DATA PROVIDED »
·····

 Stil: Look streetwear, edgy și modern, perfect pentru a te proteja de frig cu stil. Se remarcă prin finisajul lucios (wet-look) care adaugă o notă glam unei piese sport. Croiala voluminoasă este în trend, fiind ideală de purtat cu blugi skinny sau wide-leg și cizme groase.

·····

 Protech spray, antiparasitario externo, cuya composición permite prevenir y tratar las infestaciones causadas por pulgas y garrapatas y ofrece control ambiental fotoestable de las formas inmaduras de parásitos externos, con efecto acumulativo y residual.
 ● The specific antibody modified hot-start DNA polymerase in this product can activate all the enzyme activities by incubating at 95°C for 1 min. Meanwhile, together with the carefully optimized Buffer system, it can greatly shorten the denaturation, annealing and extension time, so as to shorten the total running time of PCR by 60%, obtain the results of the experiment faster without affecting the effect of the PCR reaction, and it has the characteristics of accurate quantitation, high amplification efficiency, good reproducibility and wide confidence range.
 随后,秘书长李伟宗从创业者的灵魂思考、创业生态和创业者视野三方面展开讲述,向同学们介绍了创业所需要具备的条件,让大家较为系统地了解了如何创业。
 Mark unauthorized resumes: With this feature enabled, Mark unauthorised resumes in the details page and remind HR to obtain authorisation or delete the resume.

·····

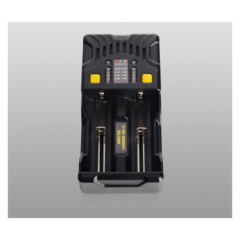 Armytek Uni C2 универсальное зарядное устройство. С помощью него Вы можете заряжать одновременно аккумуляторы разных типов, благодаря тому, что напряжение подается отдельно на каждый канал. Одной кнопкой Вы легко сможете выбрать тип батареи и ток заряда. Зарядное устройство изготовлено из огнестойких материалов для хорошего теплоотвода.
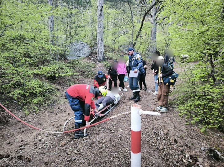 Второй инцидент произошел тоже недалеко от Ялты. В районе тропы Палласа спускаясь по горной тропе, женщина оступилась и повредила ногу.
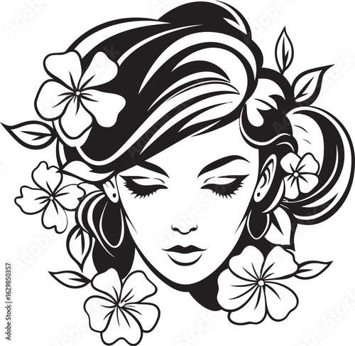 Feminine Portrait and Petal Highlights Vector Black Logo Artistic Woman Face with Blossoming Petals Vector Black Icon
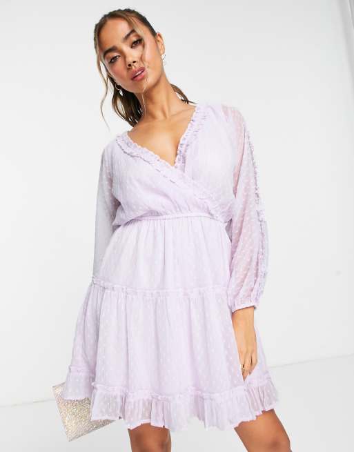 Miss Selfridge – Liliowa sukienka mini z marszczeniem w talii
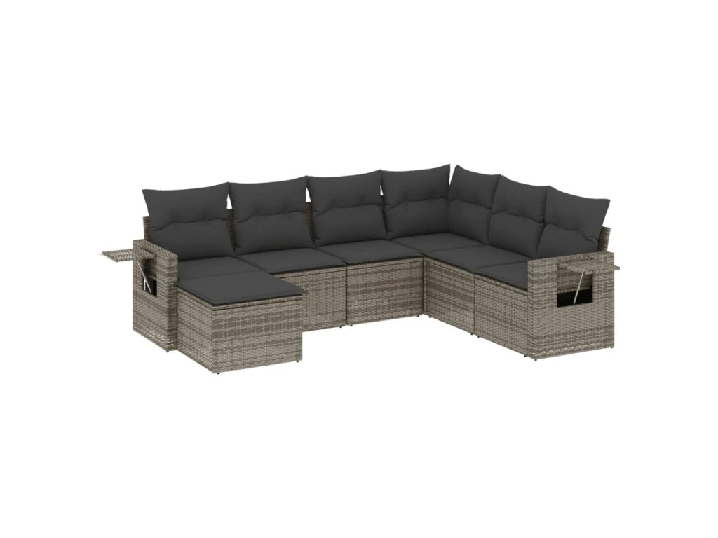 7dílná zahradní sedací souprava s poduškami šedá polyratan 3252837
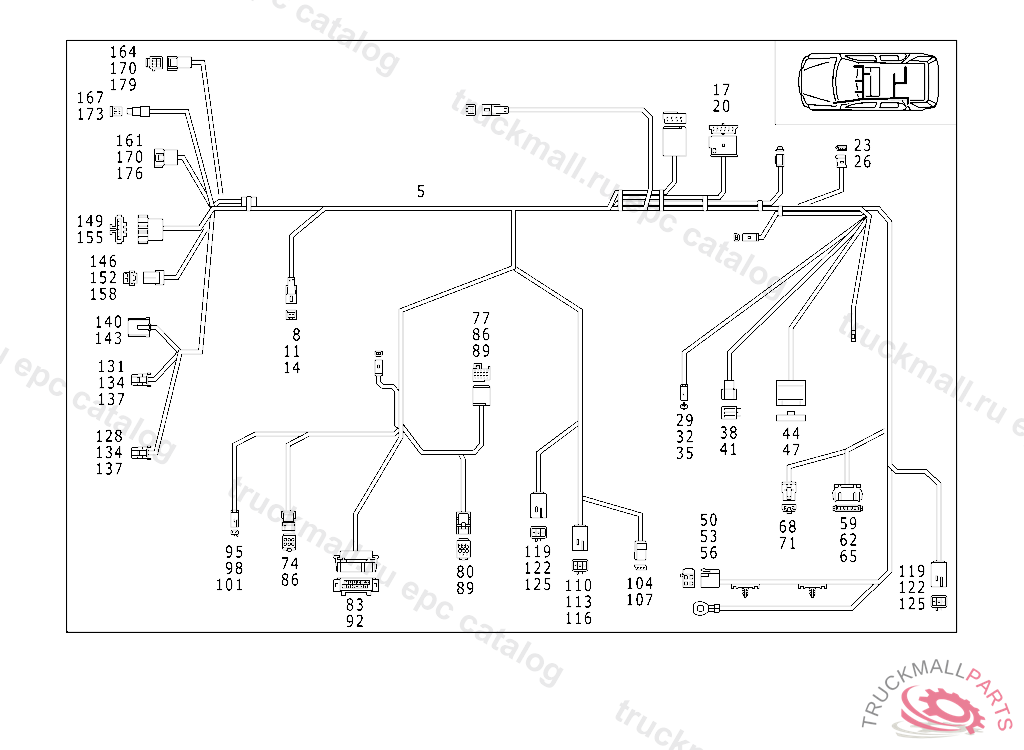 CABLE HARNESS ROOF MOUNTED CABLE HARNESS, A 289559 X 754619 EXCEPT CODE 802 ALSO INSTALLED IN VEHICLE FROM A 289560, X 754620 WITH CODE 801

·····

TASK STATEMENT »
Among the lines above, find those carrying the word "obtain" and copy them out.

SOLUTION TO THIS TASK »
 ● The specific antibody modified hot-start DNA polymerase in this product can activate all the enzyme activities by incubating at 95°C for 1 min. Meanwhile, together with the carefully optimized Buffer system, it can greatly shorten the denaturation, annealing and extension time, so as to shorten the total running time of PCR by 60%, obtain the results of the experiment faster without affecting the effect of the PCR reaction, and it has the characteristics of accurate quantitation, high amplification efficiency, good reproducibility and wide confidence range.
 Mark unauthorized resumes: With this feature enabled, Mark unauthorised resumes in the details page and remind HR to obtain authorisation or delete the resume.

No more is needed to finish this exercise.